[Data to examine — start]

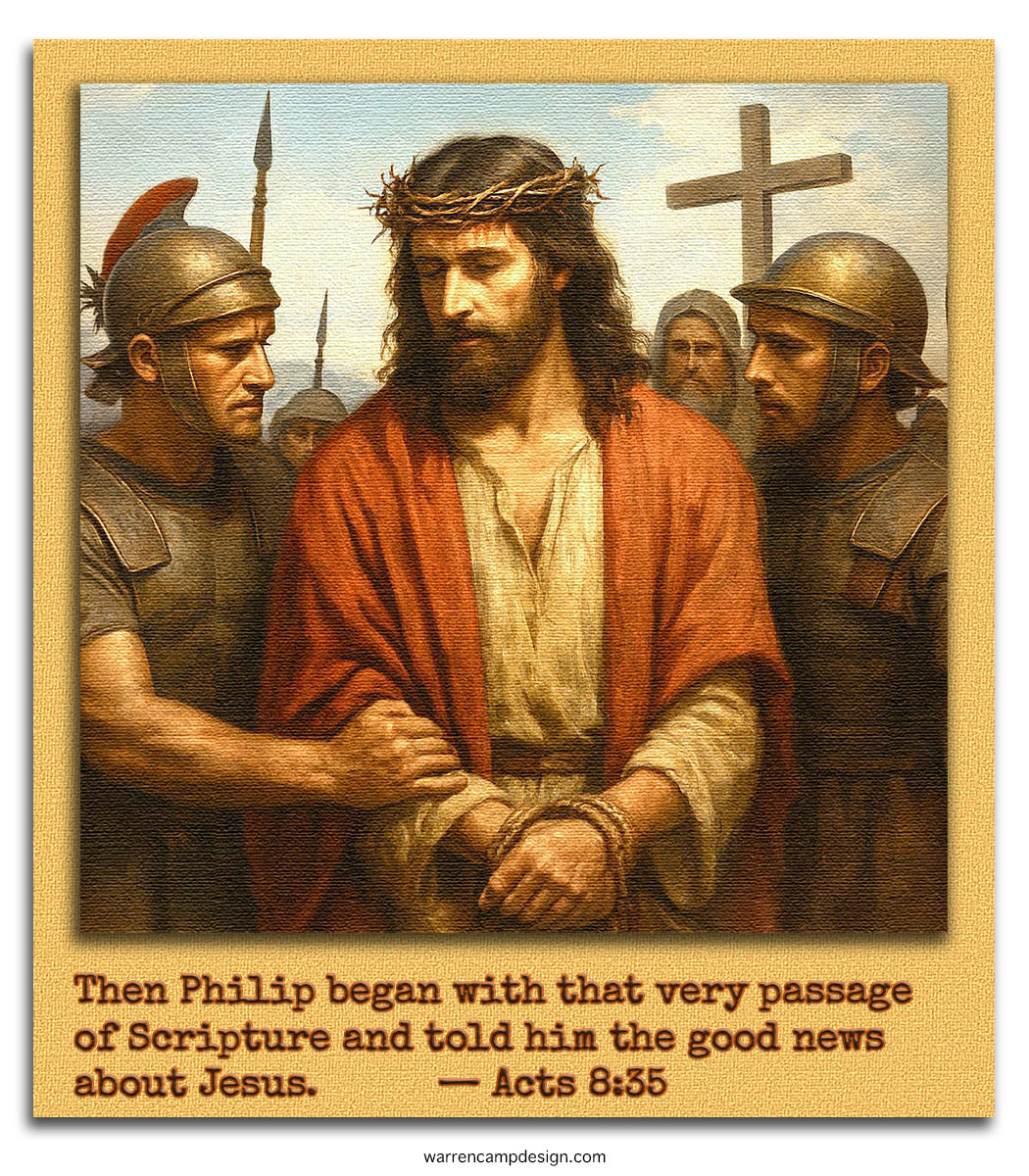 “Then Philip began with that very passage of Scripture.” Philip talked about more than this passage from Isaiah, but this is where he started; it was common ground with the Ethiopian. But Philip made the effort to talk about Jesus, talking easily about Jesus beginning at "that very passage of Scripture." Philip's effective preaching consisted of his explaining who Jesus was (like a quiet, humiliated lamb) and what he'd done for us (having been led unjustly as a sheep to its slaughter). Today, explaining who Jesus is and what he's done for us is the essence of the gospel. May we strive to emulate Philip by talking personally to others about Jesus.
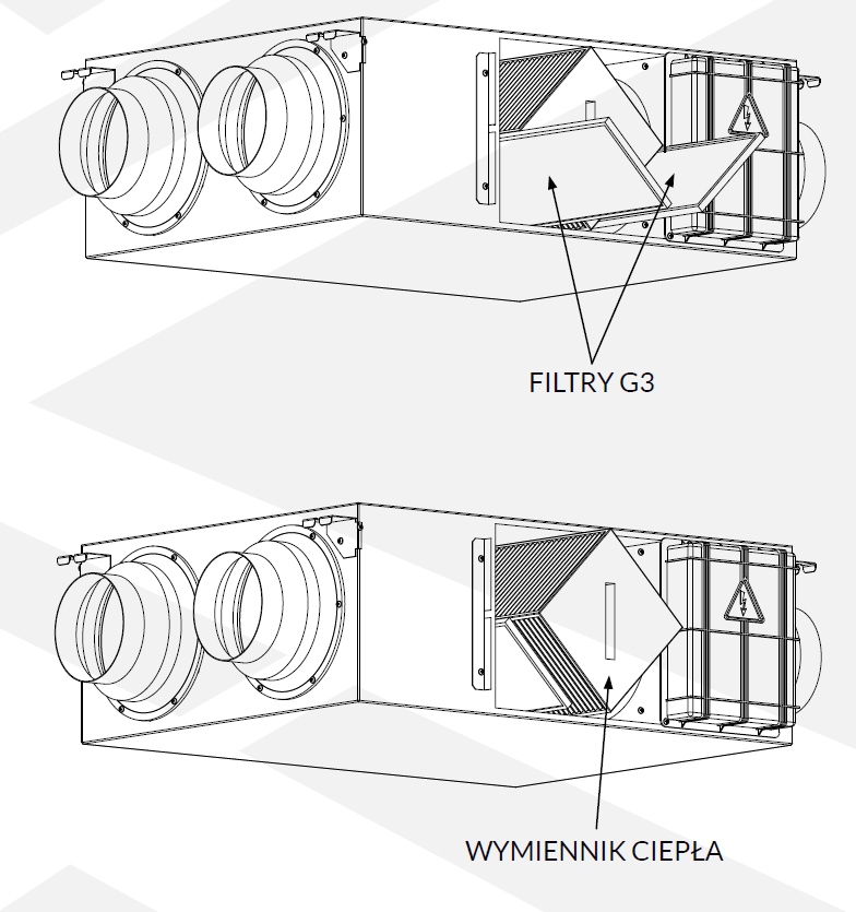 Urządzenie posiada zestaw filtrów - zestawy wstępnych filtrów G3, które właściwie utrzymywane gwarantują odpowiednią czystość powietrza doprowadzanego do pomieszczeń.
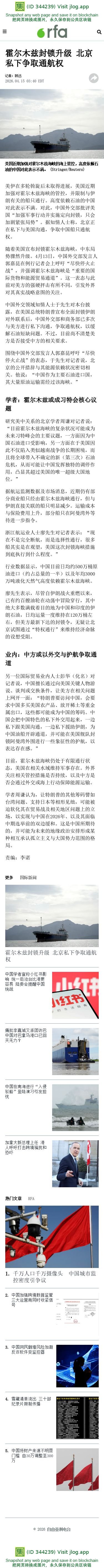 霍尔木兹封锁升级 北京私下争取通航权 – 普通话主页
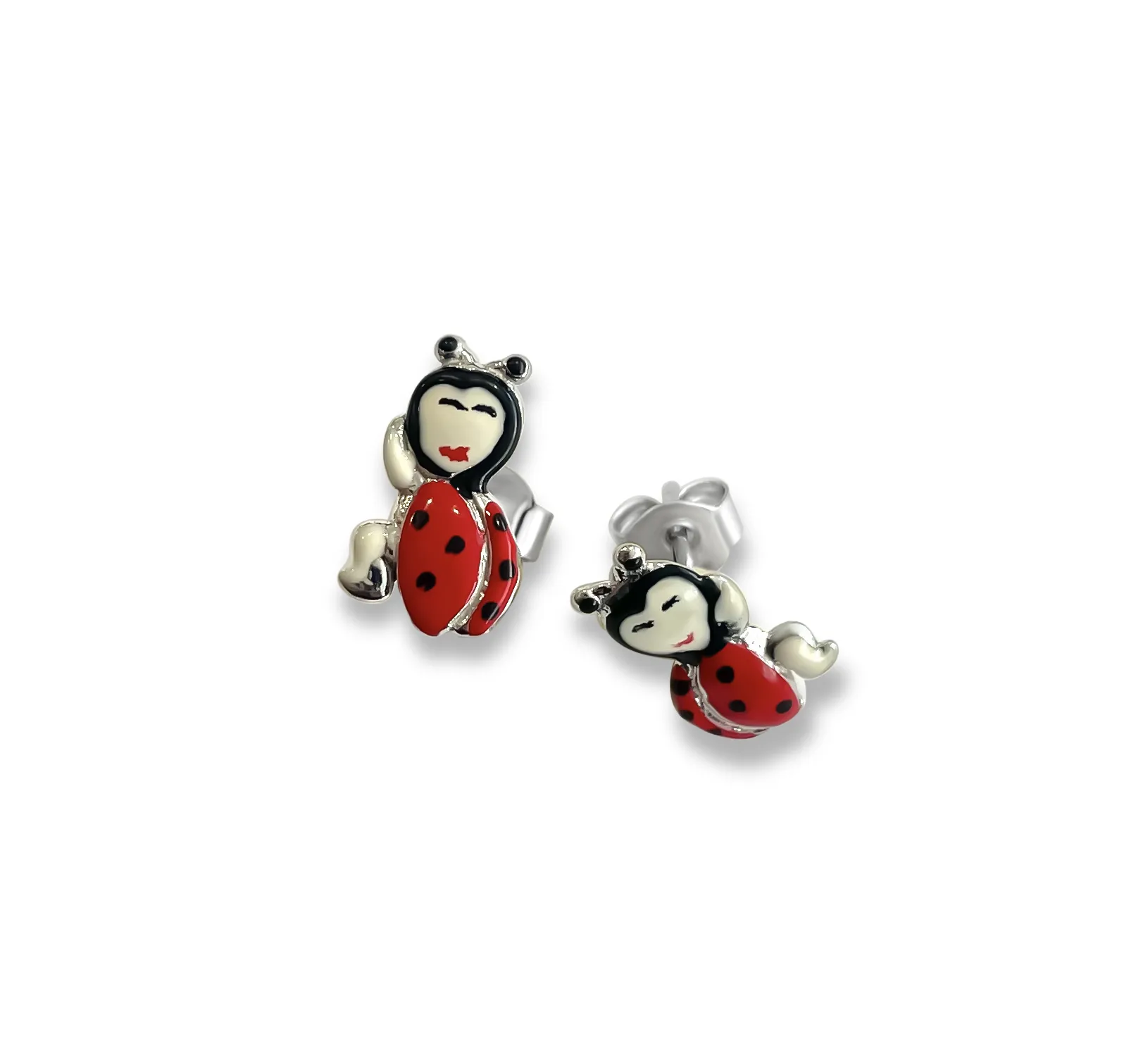 Σκουλαρίκια, παιδικά, για κορίτσια, ασημένια, με σμάλτο, πασχαλίτσες, επιπλατινωμένα, καρφωτά, woofie,0130445501
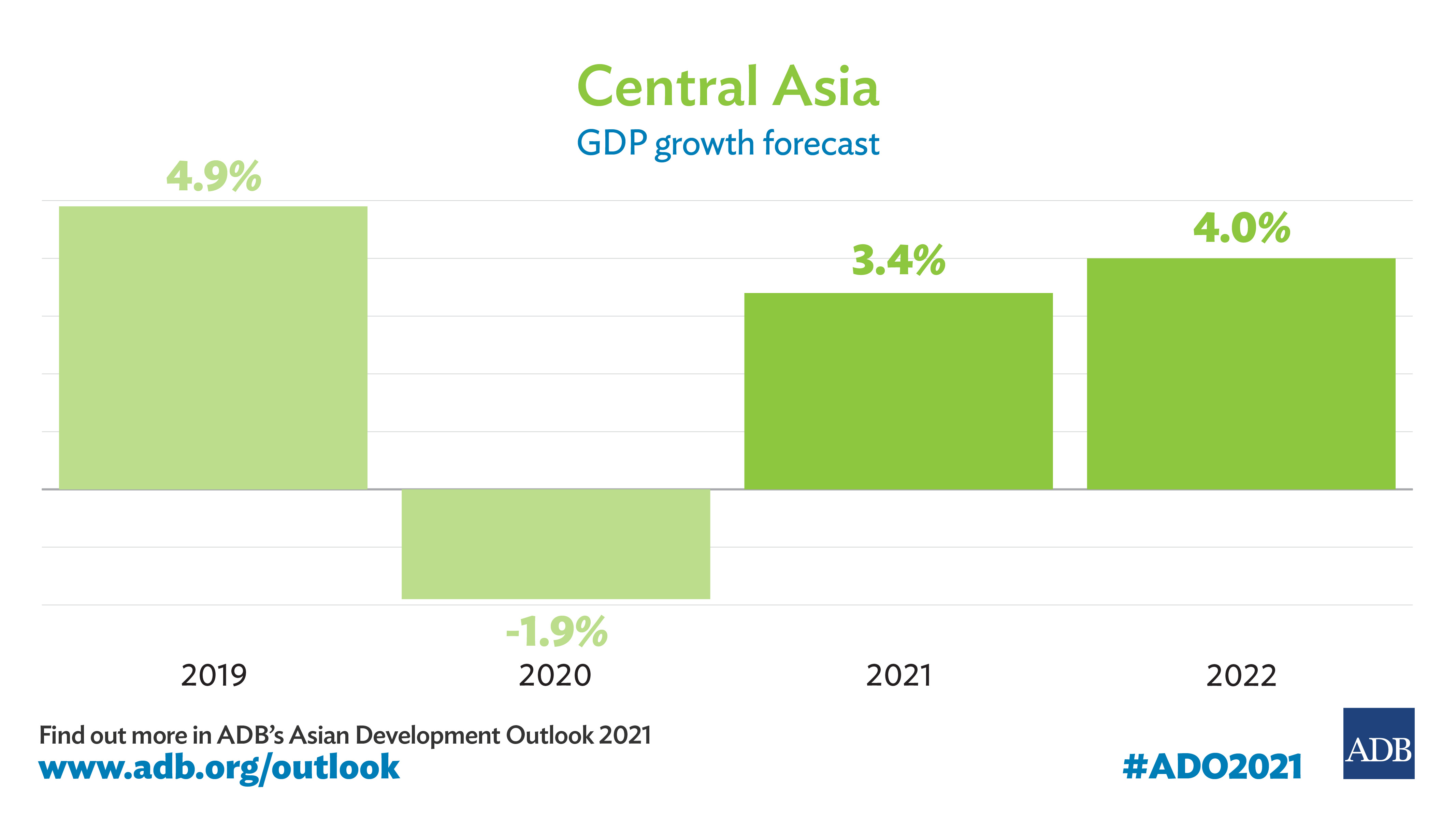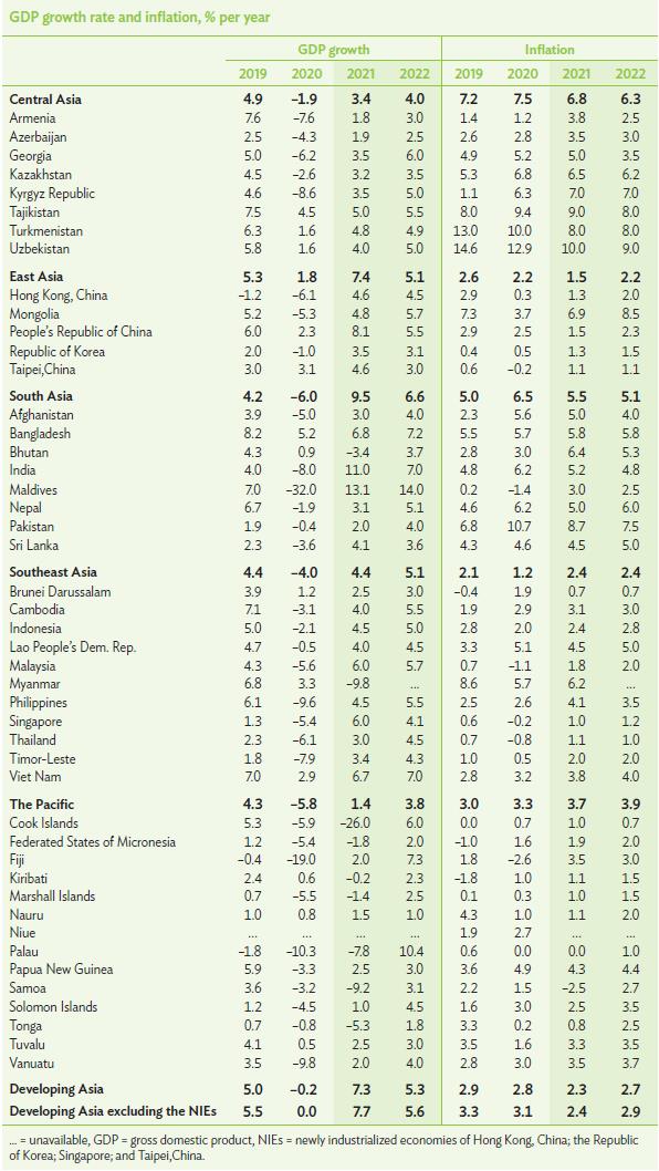 В «Обзоре развития Азии 2021» АБР прогнозирует рост валового внутреннего продукта (ВВП) Таджикистана на уровне 5,0% в 2021 году и 5,5% в 2022 году по сравнению с 4,5% экономического роста, о котором заявлено в 2020 году. «Обзор развития Азии» — это ведущее годовое экономическое издание АБР.
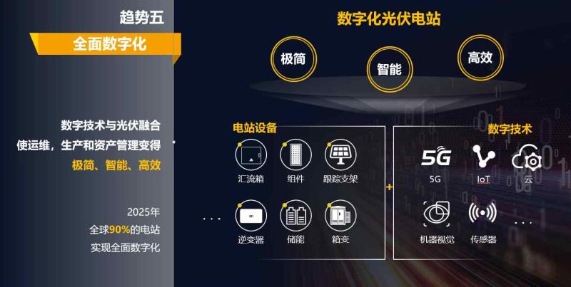 數(shù)字化是智能化基礎(chǔ)。隨著5G、云等數(shù)字化技術(shù)快速演進(jìn),預(yù)計(jì)2025年將有90%以上的電站實(shí)現(xiàn)全面數(shù)字化,讓光伏電站極簡、智能、高效的管理成為可能,從一個(gè)啞電站變成一個(gè)有機(jī)的智能生命體。
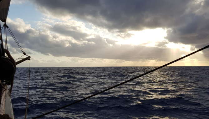 Goodevening,POS: 13'51 N 023'08WCRS: 185'SPD: 5,7ktsWND: NE 4bftSEA: SlightSWL: NE moderateClear sky (the sahara sand haze is gone), full moon and the movie of the Peking on deck. Everything you might imagine for a warm area crossing is there.We just touched the 1000nm this afternoon, which is in our opinion not bad at al for the first week.Painting and varnishing started.Regards,Arian

[Data to examine — finish]

**What the task asks**
Copy nothing but the lines above from the one with "Urządzenie posiada zestaw" to the one with "數(shù)字化是智能化基礎", inclusive, word for word. Leave every picture out.

**Result of the task**
 Urządzenie posiada zestaw filtrów - zestawy wstępnych filtrów G3, które właściwie utrzymywane gwarantują odpowiednią czystość powietrza doprowadzanego do pomieszczeń.
 霍尔木兹封锁升级 北京私下争取通航权 – 普通话主页
 Σκουλαρίκια, παιδικά, για κορίτσια, ασημένια, με σμάλτο, πασχαλίτσες, επιπλατινωμένα, καρφωτά, woofie,0130445501
 В «Обзоре развития Азии 2021» АБР прогнозирует рост валового внутреннего продукта (ВВП) Таджикистана на уровне 5,0% в 2021 году и 5,5% в 2022 году по сравнению с 4,5% экономического роста, о котором заявлено в 2020 году. «Обзор развития Азии» — это ведущее годовое экономическое издание АБР.
 數(shù)字化是智能化基礎(chǔ)。隨著5G、云等數(shù)字化技術(shù)快速演進(jìn),預(yù)計(jì)2025年將有90%以上的電站實(shí)現(xiàn)全面數(shù)字化,讓光伏電站極簡、智能、高效的管理成為可能,從一個(gè)啞電站變成一個(gè)有機(jī)的智能生命體。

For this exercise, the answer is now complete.